Less
Gaussians,
Texture
More:
4K
Feed-Forward Textured Splatting
Existing feed-forward Gaussian Splatting methods can't scale to
4K.
LGTM is the first native
4K feed-forward method that predicts compact
textured Gaussians.
How LGTM Works
Existing feed-forward 3D Gaussian Splatting methods predict pixel-aligned primitives, leading to a quadratic growth in primitive count as resolution increases. This fundamentally limits their scalability, making high-resolution synthesis such as 4K intractable. Additionally, standard 3DGS couples appearance and geometry within each primitive, requiring excessive Gaussians to represent rich texture regions on geometrically simple surfaces.

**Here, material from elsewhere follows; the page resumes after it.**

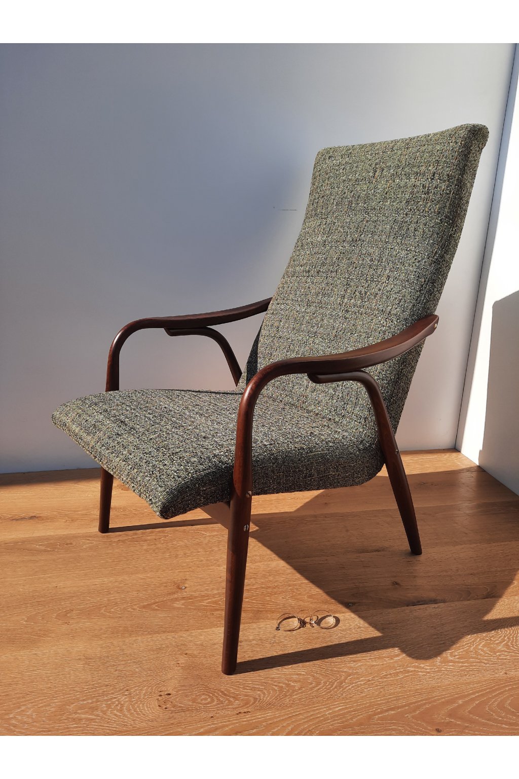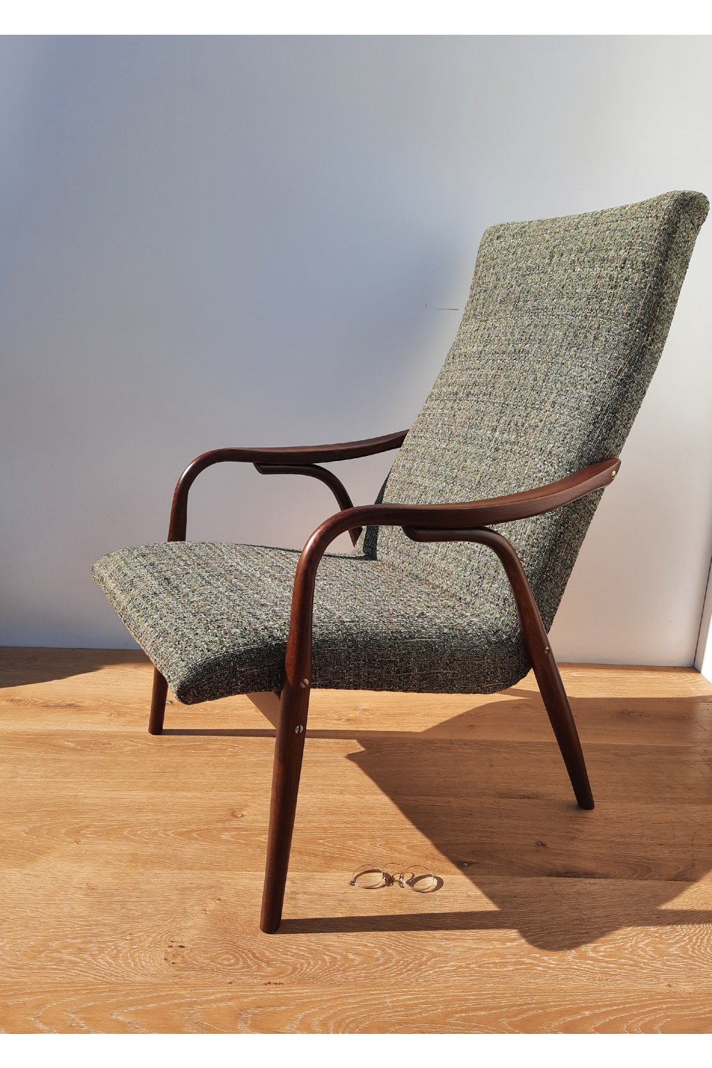 Područky a nohy jsou vyrobeny z ohýbaného bukového dřeva. Dřevo jsme zbavili starých nátěrů, namořili na odstín ořech a nalakovali polomatným polyuretanovým lakem na nábytek.

We introduce LGTM, the first native 4K feed-forward textured Gaussians method for high-resolution novel view synthesis. LGTM supports native 4K inputs and predicts 4K output in a single feed-forward pass. LGTM jointly trains:
- Gaussian primitive network: Predicts a compact set of Gaussian primitives.

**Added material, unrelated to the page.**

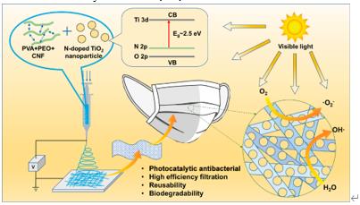 9Zm新型光催化網(wǎng)_水庫(kù)治理_河道治理_水生態(tài)修復(fù)_水環(huán)境治理與修復(fù)_江蘇雙良環(huán)境科技有限公司在災(zāi)難性的SARS-CoV-2(2019冠狀病毒疾?。┐罅餍衅陂g,美國(guó)疾病控制和預(yù)防中心強(qiáng)烈建議使用個(gè)人防護(hù)裝備(PPE)進(jìn)行自我保護(hù)。然而,個(gè)人防護(hù)用品的大規(guī)模使用在回收和消毒使用過的口罩方面遇到了重大挑戰(zhàn)。為了解決舊口罩的相關(guān)塑料污染問題,在這項(xiàng)工作中,我們?cè)O(shè)計(jì)了一種可重復(fù)使用、可生物降解和抗菌的口罩。通過聚乙烯醇(PVA)、聚環(huán)氧乙烷(PEO)和纖維素納米纖維(CNF)的靜電紡絲,然后酯化和沉積氮摻雜的TiO

- Texture network: Processes high-resolution inputs to predict per-Gaussian RGBA texture maps.
By jointly training these networks, LGTM predicts compact Gaussian primitives with per-primitive textures. This decouples geometric complexity from rendering resolution, enabling high-fidelity 4K novel view synthesis without per-scene optimization, a capability previously intractable for feed-forward methods, all while using significantly fewer Gaussian primitives.
Key Advantages of LGTM
- Native 4K feed-forward reconstruction: First method to support native 4K inputs and predict 4K output in a single feed-forward pass without per-scene optimization.
- Significantly fewer primitives: Achieves high-quality rendering with much fewer Gaussian primitives compared to existing methods, improving both efficiency and scalability.
- Broadly applicable: Works with various baseline methods including monocular, two-view, and multi-view settings, with or without known camera poses.
- Superior visual quality: Consistently outperforms baselines with sharper details and better texture reproduction.